* STUDY MATERIAL:
.....
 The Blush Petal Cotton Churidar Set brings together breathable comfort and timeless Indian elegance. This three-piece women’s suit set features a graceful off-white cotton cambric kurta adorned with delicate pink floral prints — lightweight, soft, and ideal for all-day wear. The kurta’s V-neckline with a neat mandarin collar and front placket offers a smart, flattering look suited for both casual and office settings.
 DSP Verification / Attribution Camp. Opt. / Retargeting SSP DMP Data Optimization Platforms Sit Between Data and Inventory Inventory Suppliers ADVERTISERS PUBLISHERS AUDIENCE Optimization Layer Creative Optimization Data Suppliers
.....
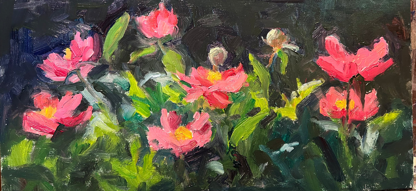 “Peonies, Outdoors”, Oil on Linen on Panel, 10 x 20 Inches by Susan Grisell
.....
* YOUR OBJECTIVE: In the entries above, find the line with "The Blush Petal" and the line with "DSP Verification /", then set down exactly those two and every line between them, nothing else.

* EXERCISE SOLUTION:
 The Blush Petal Cotton Churidar Set brings together breathable comfort and timeless Indian elegance. This three-piece women’s suit set features a graceful off-white cotton cambric kurta adorned with delicate pink floral prints — lightweight, soft, and ideal for all-day wear. The kurta’s V-neckline with a neat mandarin collar and front placket offers a smart, flattering look suited for both casual and office settings.
 DSP Verification / Attribution Camp. Opt. / Retargeting SSP DMP Data Optimization Platforms Sit Between Data and Inventory Inventory Suppliers ADVERTISERS PUBLISHERS AUDIENCE Optimization Layer Creative Optimization Data Suppliers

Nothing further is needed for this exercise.